A specious link to immigration?
Immigration lawyers said the DNA sampling could tar
illegal immigrants with a criminal stigma, even though
most of them have never committed any criminal offense.
"To equate somebody with a possible immigration
violation in the same category as a suspected sex
offender is an outrage," said David Leopold, an
immigration lawyer who practices in Cleveland.
Forensic DNA is culled either from a tiny blood sample
taken from a fingertip (the FBI's preferred method) or
from a swab of the inside of the mouth. Federal samples
are logged into the FBI's laboratory, analyzed and
transformed into profiles that can be read by computer.
The profiles are loaded into a database called the
National DNA Index System.
The FBI also loads DNA profiles from local and state
police into the federal database and runs searches. Only
seven states now collect DNA from suspects when they are
arrested; of those, only two states are authorized by
their laws to send those samples to the federal
database.
Neufeld, of the Innocence Project, said his group
supported broad DNA collection from convicted criminals.
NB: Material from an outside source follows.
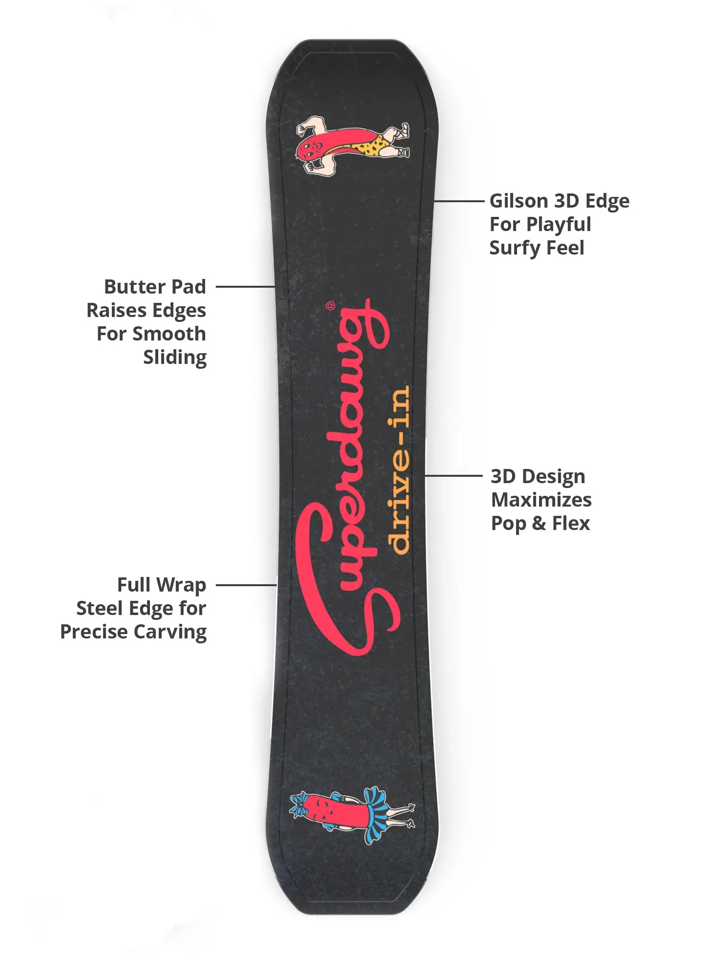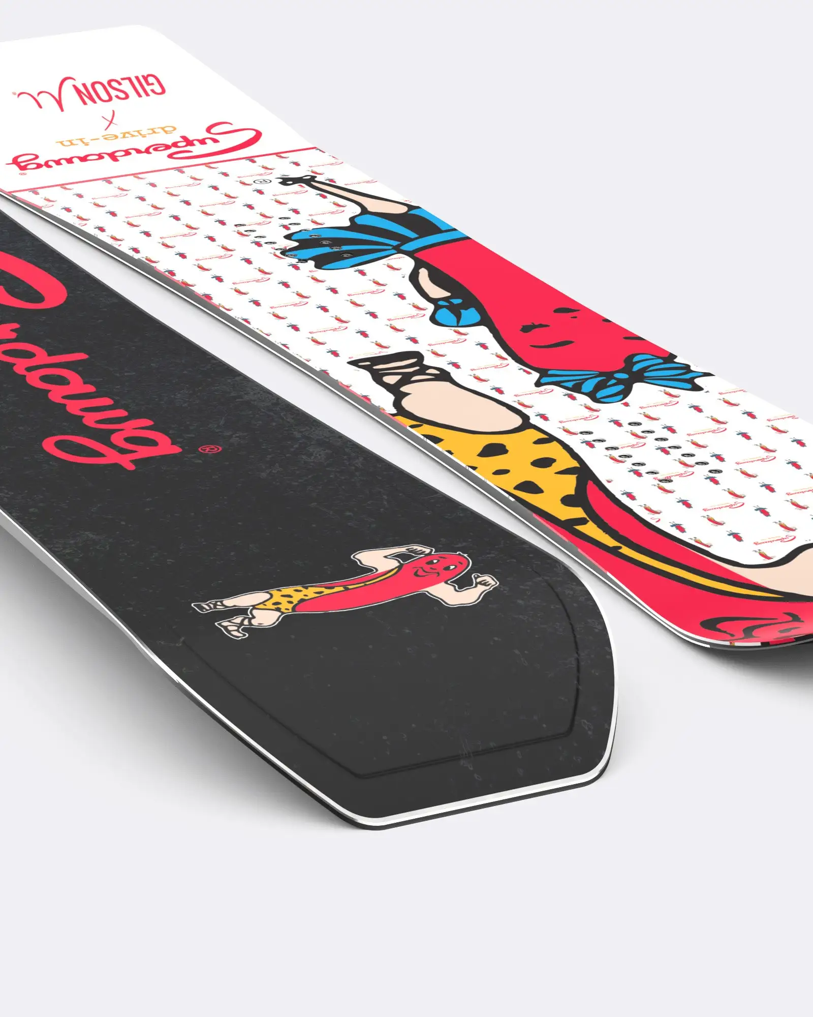Celebrate an iconic Chicago favorite with the Superdawg Limited Edition Freestyle Flat-to-Rocker Snowboard. Featuring the legendary Superdawg characters, this collab brings playful energy and hometown pride straight to the slopes. Built on GILSON’s original Flat-to-Rocker Freestyle design, this board is packed with buttery smooth flex, tons of pop, and a forgiving feel that accelerates progression. Handcrafted in the USA and backed by a 5-year warranty, it’s a ride that’s as fun and unforgettable as the drive-in itself.

But, he said, "There is no demonstrable nexus between
being detained for an immigration matter and the
likelihood you are going to commit some serious violent
crime."
The DNA amendment has divided women's groups that are
usually unified supporters of the Violence Against Women
Act, which was adopted in 1994.
"We were stunned by the extraordinary, broad sweep of
this amendment," said Lisalyn Jacobs, vice president for
government relations at Legal Momentum, a law group
founded by the National Organization for Women. Jacobs
recalled that the amendment had been adopted by a voice
vote with little debate. She said many lawmakers eager
to renew the act, which enjoys solid bipartisan support,
appeared unaware of the scope of the DNA amendment.
"The pervasive problems of profiling in the United
States will only be exacerbated by such a system,"
Jacobs said, because Latino and other immigrants will be
greatly over-represented in the database. She noted that
the law required a court order to remove a profile from
the system.
Many groups warned that the measure would compound
already severe backlogs in the FBI's DNA processing.
Fram of the FBI said there had been an enormous increase
in the samples coming to the databank since it started
to operate in 1998, but no new resources for the
bureau's laboratory. Currently about 150,000 DNA samples
from convicted criminals are waiting to be processed and
loaded into the national database, Fram said.
He said the laboratory had added robot technology to
speed the processing. But in the "worst case scenario,"
where the laboratory receives one million new samples a
year, Fram said, "there is going to be a bottleneck."